No matter who you pick to play, you also get a class. Thankfully, they’re not locked to any of the characters so you can mix and match with your group. I liked Operator the most as it gives a drone that, when activated, mauls groups of zombies and does considerable damage to special ones. You can also spec it to help revive teammates and perform other actions, freeing you up to do your thing autonomously. Medic gets a healing aura which is absolutely invaluable in a game like this, just crowd around your pal and oodles of health get 5Ged into your body in dire times. Strike is a damn mage, able to lob energy balls that cause sizable splash damage and vaporize weaker groups of roamers. Defender of course gets a little dome shield that doubles as a force field that hurts any enemies that have the audacity to enter it.
It’s not just world building, take the advice to heart
All these cool abilities don’t make your weapons obsolete though. You have a primary weapon and a sidearm, and you’ll be using both amply in addition to your melee weapon and combat gear (grenades, mines, Molotovs, etc.). Toxic Commando specifically targets the retired Call of Duty prestigers like me with how the game offers level resets once you hit level 10. You lose all your upgrades and attachments you gave it, and get a skin in return. In other words, it’s not worth it and I regretted it immediately when I tried it with my highly upgraded, legally distinct AK-47.
All weapons are unlocked from the beginning. On one hand, thank the Sludge God you don’t have to slog through much of the game to simply unlock options. On the other, it does moderately cut down on unlocks and progression you could have otherwise indulged in. Given how slowly you tend to increase your profile level later on, I’ll take it. I like being able to experiment, find what I like, and lock in to dump Sludgite currency into buying new attachments for it.
Speaking of currency, you’d be forgiven for launching the game and getting into a lobby only to sigh deeply at the existence of a few different currencies in the game. Luckily, at least upon launch, there’s no microtransactions and everything is earnable via gameplay. Sludgite is the most common, rewarded for doing pretty much anything worth doing including completing missions and used to purchase weapon attachments and tier boosts for extra damage. You can find bushels of it to collect in-game along with Residium which is a bit rarer and harder to come by, used for cosmetics for your character and skins for guns. Mortite is the rarest, only regularly obtainable by playing on Hard, also for cosmetics.
Ah yes, “interact” with the “node core”, is that what the kids are calling it now?

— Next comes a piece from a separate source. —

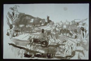 - NOTIZIE STORICO CRITICHE Alla XVIIa edizione del Premio Suzzara (1964) vinse premi in denaro per un valore complessivo di £. 18000, un prosciutto e salumi.\nIl paesaggio è descritto in maniera convulsa ed immediata; la campagna ed i contadini sono evocati da segni leggeri e stilizzati; solo il trattore è definito in maniera più insistita. Il disegno fa parte di una serie eseguita dall'artista dopo un viaggio a Parigi dal quale riporta disegni, acquerelli e cartoncini ad olio, che lo porta a riscoprire i colli di Teolo in cui ritrova l'atmosfera idilliaca di Burano.\nL'artista nasce a Venezia nel 1903 e vi muore nel 1977. Frequenta l'Istituto Tecnico Statale di Venezia e la scuola serale dell'Istituto d'Arte. Frequenta i corsi di decorazione pittorica e di illustrazione del libro all'Istituto Statale d'Arte.Nel 1923 vince ex-aequo il I premio al concorso per l'illustrazione della rivista "El Hogar" di Buenos Aires. Dal 1925 al 1938 pubblicherà i suoi disegni sulla rivista "Le Tre Venezie". Nel 1927 tiene l sua prima personale di bianco e nero alle Botteghe d'Arte di Venezia. Nel 1928 partecipa alla XVI Biennale di Venezia. Inizia l'attività di insegnante di arti grafiche. Nel 1930 presenta la sua prima personale di pittura, sempre alle Botteghe d'Arte di Venezia. E' legato agli artisti della Scuola di Burano. In questi anni si dedica maggiormente alla pittura. Partecipa alle Biennali di Venezia del 1934 e del 1936. Continua la sua attività di illustratore per libri e riviste. Dal 1943 ha inizio la sua partecipazione alle Quadriennali di Roma. Dal 1946 iniziano i riconoscimenti: Premio Burano; Premio Volpi alla XXV Biennale di Venezia nel 1950; Premio Provincia di Venezia alla XXVI Biennale del 1952; Premio Suzzara nel 1949 e nel 1953. Dopo un viaggio a Parigi si dedica al paesaggio, in particolare a quello di Asolo. Nel 1954 e nel 1956 espone alla II e alla III Biennale di Disegno e Incisione di Forlì. Le sue opere grafiche entrano nelle pubbliche istituzioni. Durante gli anni '60 continua ad esporre in importanti manifestazioni artistiche. Nel 1970 la Galleria Gianferrari di Milano presenta una sua rassegna di sessanta disegni eseguiti tra il 1958 e il 1968.

All of this is well and fine if moderately cookie-cutter in this era of games when we’ve seen so many try to capture co-op lightning in a bottle, but what sets Toxic Commando aside from some of its aesthetic decisions is its reliance on vehicles. The maps in this game are larger than many of its peers and influences with many points of interest being found off the main paths of objectives. There’s a fleet of cars and trucks that help your group get from point A to B, whatever those designations mean to you and it certainly doesn’t always have to be the next objective. Driving is very weighty with mud and sludge caking up your tires and sloped ground inhibiting your progress so you may have to use the winch that many bigger vehicles come with to tow you out of some trouble.
Each mission follows this structure, though some offer unique vehicles and gimmicks like having to drive from safe area to safe area to avoid being overcome by sludge which causes you to bleed health. The maps offer little diversity from one to the next, but enough to count. A map might have more road damage and apocalyptic destruction than others so you have to take detours, or more verticality via winding roads and valleys.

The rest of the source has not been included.